Apart from the absurdity of the timescale applied by the judge, his findings in relation to the absence of physical connection fly in the face of established High Court views. Failure to maintain physical connection to one part of a claim area does not defeat a claim as a whole. Failure to access an area over a relatively short period in a community’s history should not have been treated differently merely because the claim was over a discrete part of the traditional country. The observance of law and custom in the broader region was relevant to the inquiry as to the maintenance of law and custom that sustained the community’s entitlement under traditional law to the claim area and therefore to recognition of native title.

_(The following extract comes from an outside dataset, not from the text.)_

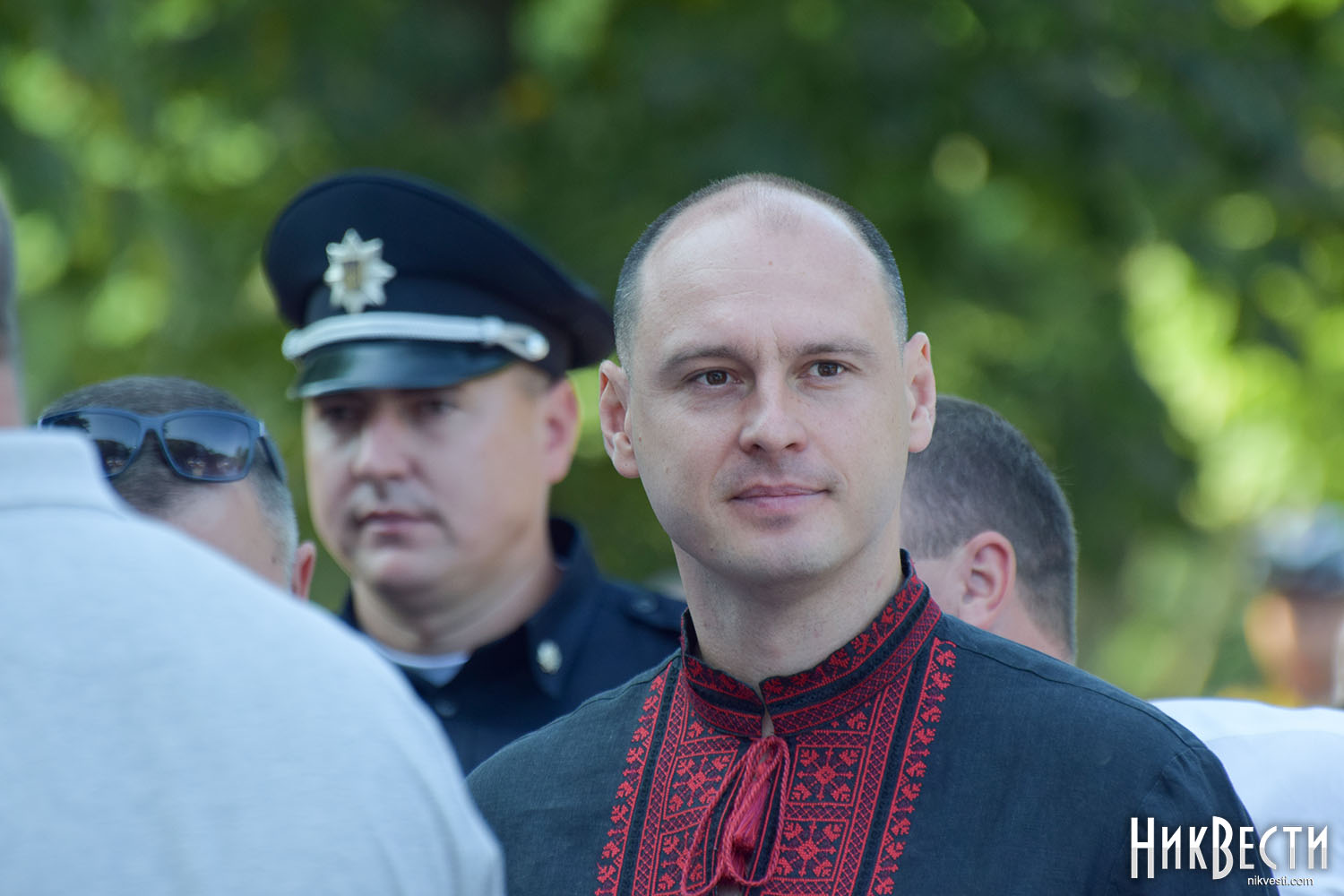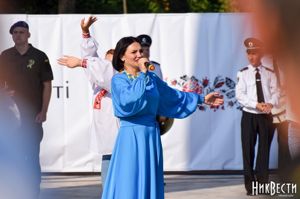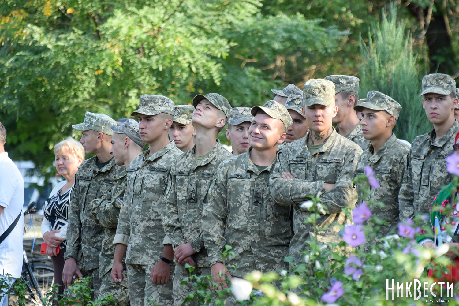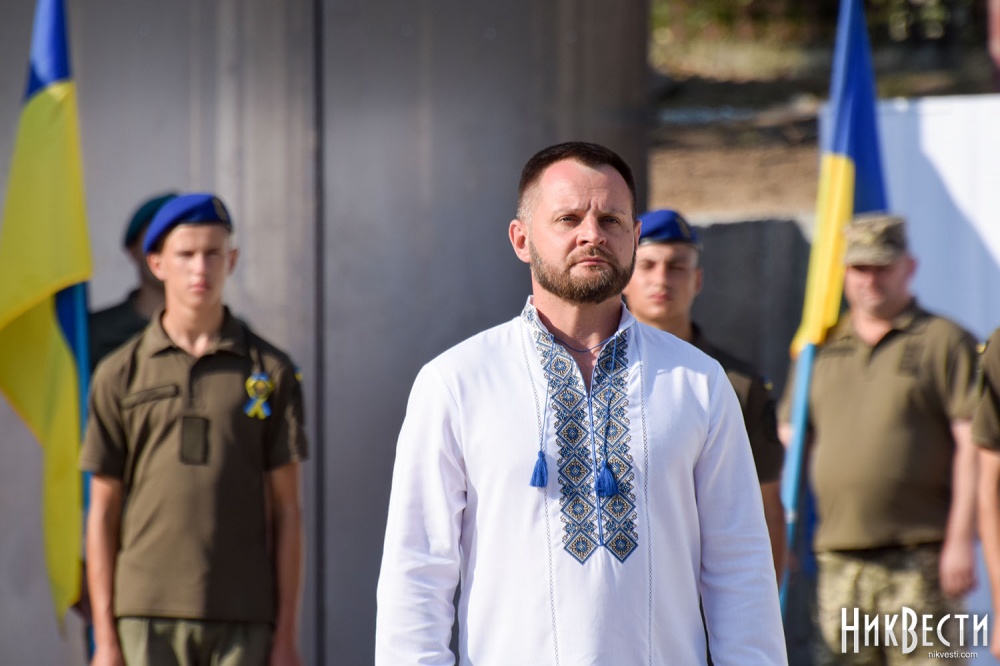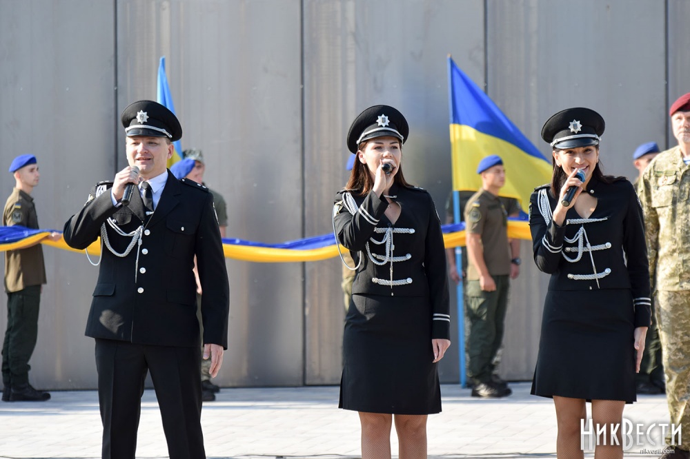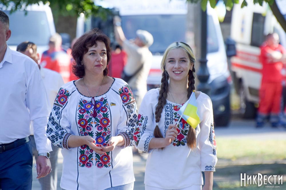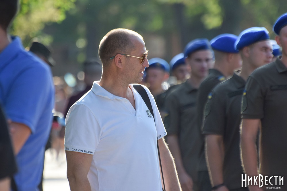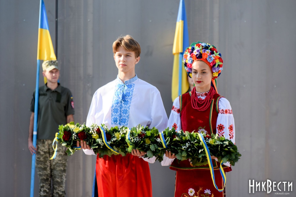 Внесли флаг перед поднятием военнослужащие Национальной гвардии. Колонну возглавил николаевский киборг Александр Терещенко и мать погибшего бойца АТО Алексея Волкова Руслана Миронюк.
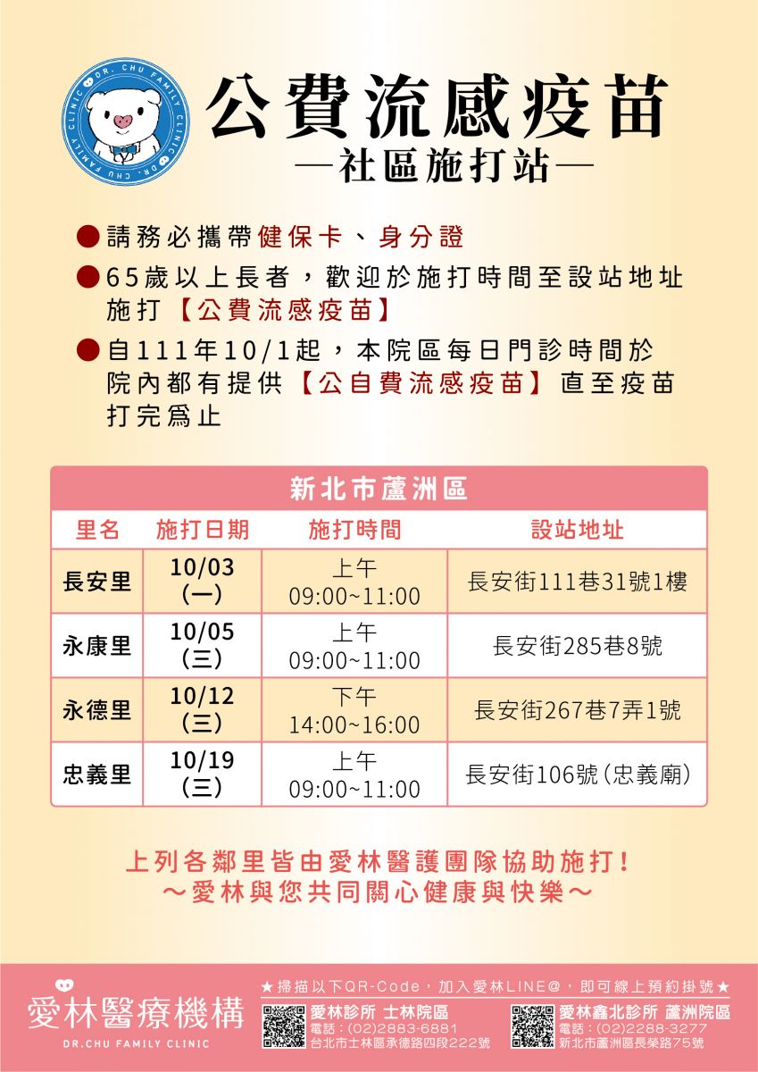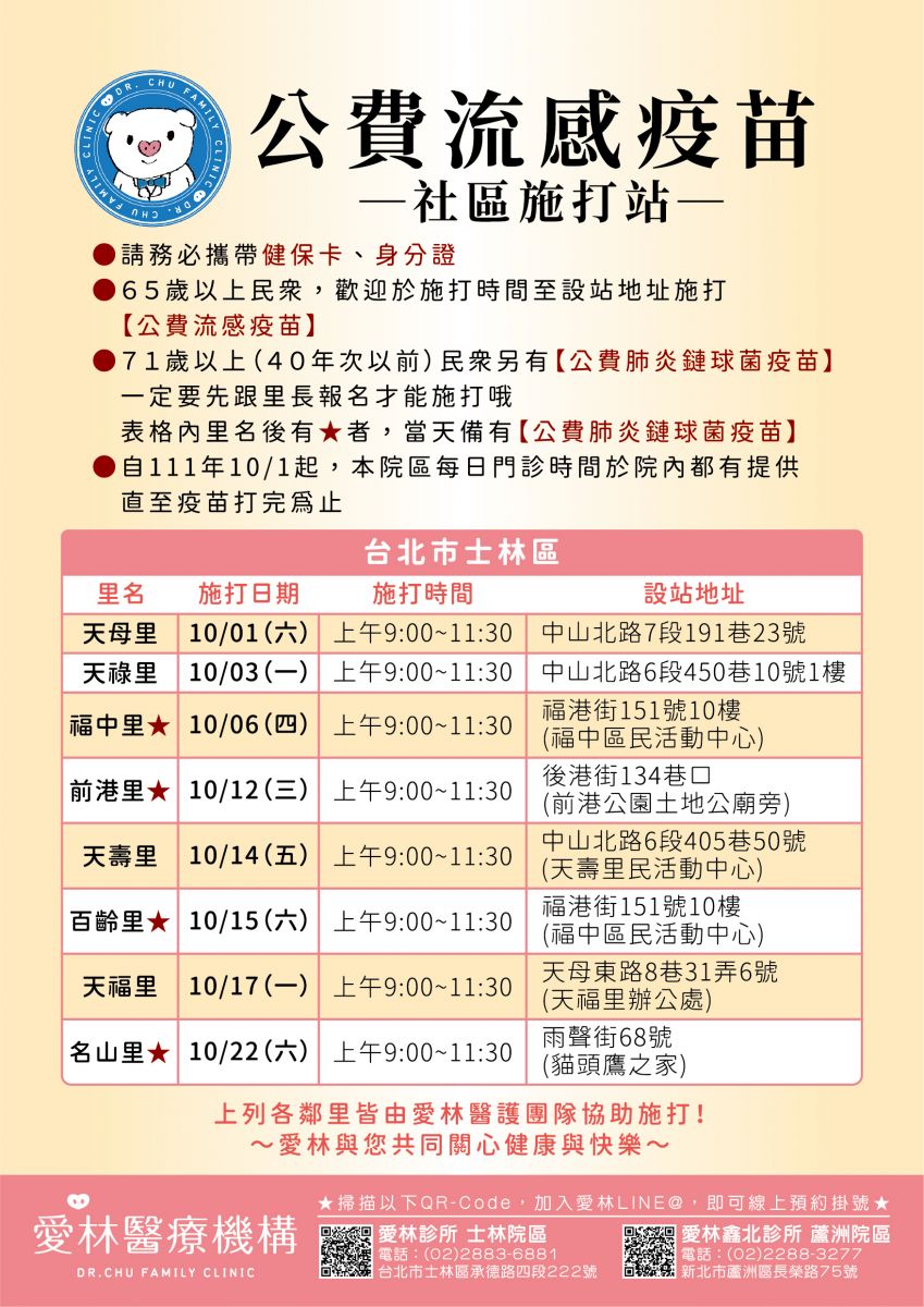 111年10月起,愛林醫護團隊協助公費流感疫苗社區施打站,士林及蘆洲都有喔!

Justice O’Loughlin’s reasoning also appears to be inconsistent with the findings of the High Court in Western Australia v Ward (2002) (Ward) that suggested that failure to exercise a right does not constitute an abandonment of the right.12 These issues raise the question as to whether a different result would have been reached if the claim had been made by Yunkunytjatjara over the whole of their traditional territory as a communal claim. Such a claim may have been more familiar to the Court but obviously inappropriate to the claimants. There is a danger to be avoided in native title jurisprudence of judges developing a vision of what a native title claim should look like.



SOCIAL AND POLITICAL LIFE


In relation to social and political identity, Justice O’Loughlin found that there was no evidence of an organised community centred around the claim area. The judge found no evidence of a coherent social group since the departure from the station and no clear direction for plans to use the country if native title was recognised. He assessed the connection to the De Rose Hill station as focused on ‘European style work practices’ and that social interaction was dominated by that work.13


The judge stated that the evidence in relation to customary practices was ‘not impressive when compared with the information that has been collected by early ethnographers’.14 His Honour discussed practices in relation to body piercing and scarring, circumcision, particular magical, mystical and spiritual practices, infant betrothal and post-birth practices that were no longer carried out in the area. While no doubt these practices were part of a dynamic normative system, none of these was an essential right or interest asserted or law or custom in relation to land that was relied upon to establish native title.15 This was a peculiar romantic fascination with ‘tribalism’ and a refusal to accept aspects of economic and political life as part of ‘Aboriginal life’. His Honour stated, for example, that work and children’s education were ‘non-Aboriginal factors’ in making decisions about residence.16 The judge appeared highly critical of the applicants because their culture and laws had not held them to the claim area.


This essentialising of Indigenous peoples’ relationship to land as ‘spiritual’ served to undermine their rights to the land as a proprietary interest. It also undermined the historical importance of opportunities to combine employment with the maintenance of connection to traditional country in ameliorating the impacts of dispossession.


The judge’s perception that the applicants were not ‘forcibly removed’ (absent some extreme action on the part of the state or the leaseholders) did not give due weight to the impact of land and employment policies. The impact of the grant of pastoral leases on Indigenous peoples’ sense of ownership over the land should not be understated. Until at least the decision of the High Court in Wik Peoples v Queensland (1996) (Wik),17 this land was considered the pastoralists’ land. The removal of employment options on pastoral leases was part of the process of dispossession.